Süreyya eşi, annesi, babası, kız kardeşi ve onun kocası ile bağ evinde yaşamaktadır. Ancak Süreyya buradan nefret etmekte ve İstanbul'da deniz kenarında bir konağa taşınmak istemektedir. Karısı Suat ilk başlarda kocasının bu istediğini onaylamasada sonradan kabul eder. Süreyya ailesinden habersiz yakın dostu Necip ile birlikte bir ev bulur. Süreyya ve Suat yeni evlerinde çok mutludurlar.
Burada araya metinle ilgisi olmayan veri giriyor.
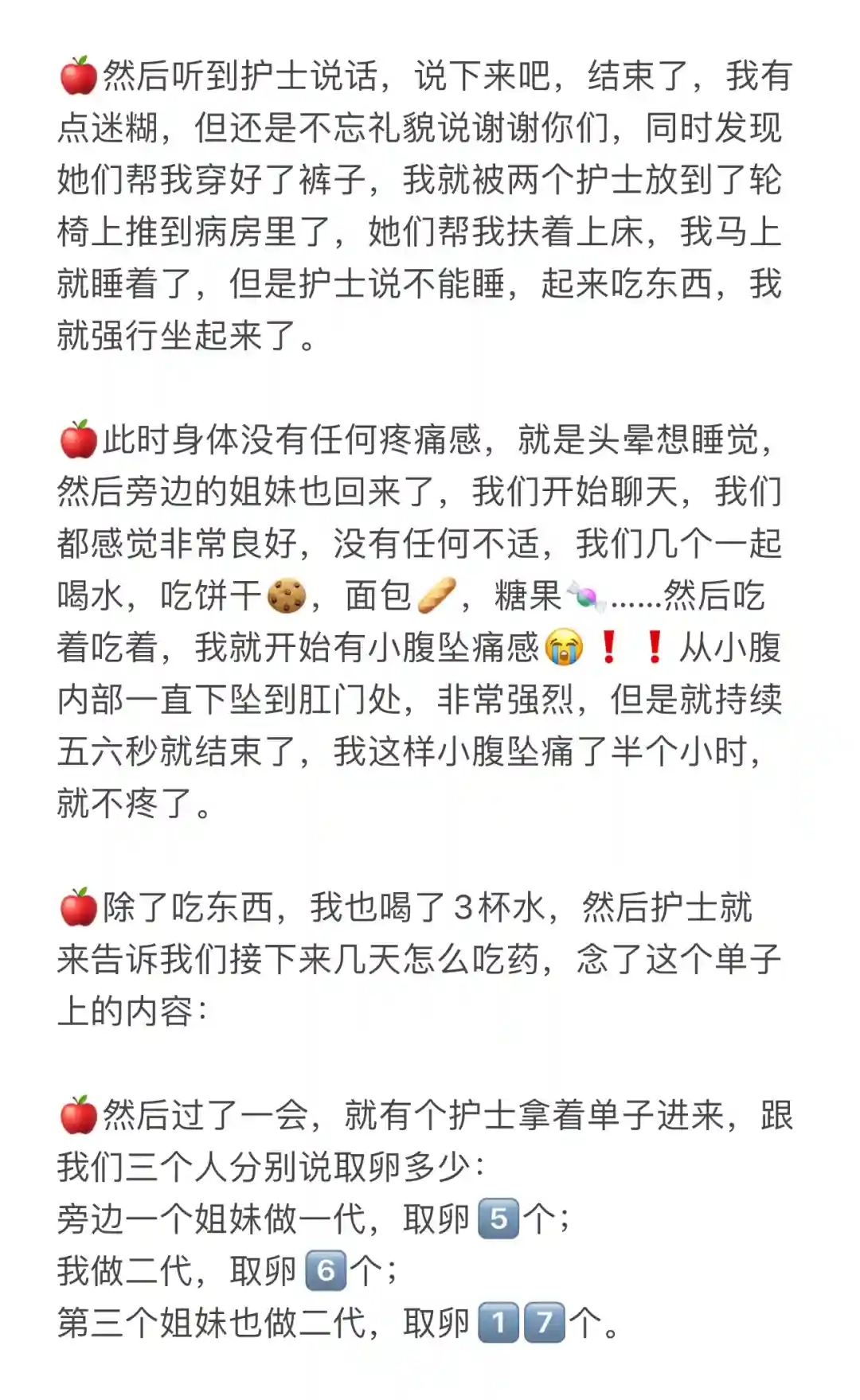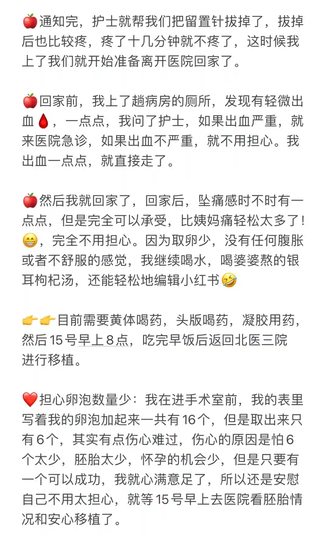 🍎然后我就回家了,坠痛感时不时有一点点,但完全可以承受,比姨妈痛轻松太多了!完全不用担心。因为取卵少,没有任何腹胀或者不舒服的感觉,我继续喝水,喝婆婆熬的银耳枸杞汤,还能轻松地编辑小红书

Aile dostları Necip'te sürekli bu genç çiftin evine gelir ve günlerini hep birlikte geçirmeye başlarlar.
Birlikte balığa çıkan, dağ bayır gezen, evde yemek ve piyano eşliğinde mutlu zamanlar geçiren bu üçlü arasında birşeyler değişir. Evlilik karşıtı olan ve hayatı sadece gezip eğlenmekten ibaret olan Necip, Süreyya ve Suat'ın evliliklerine imrenmeye başlar. İç dünyasında bir hesaplaşmaya girer ve kendini aşk, ihanet, mutluluk, ölme isteği gibi birçok duygunun içerisinde bulur.
Eylül, herkesin bildiği üzere Türk Edebiyatının ilk psikolojik romanı. Gerçekten ağır bir roman. İki karakterin hiç konuşmadan kendi iç dünyalarında nasıl duygudan duyguya savrulduklarını okuyorsunuz. Sakin kafa ile sindire sindire okunması gerekiyor bence.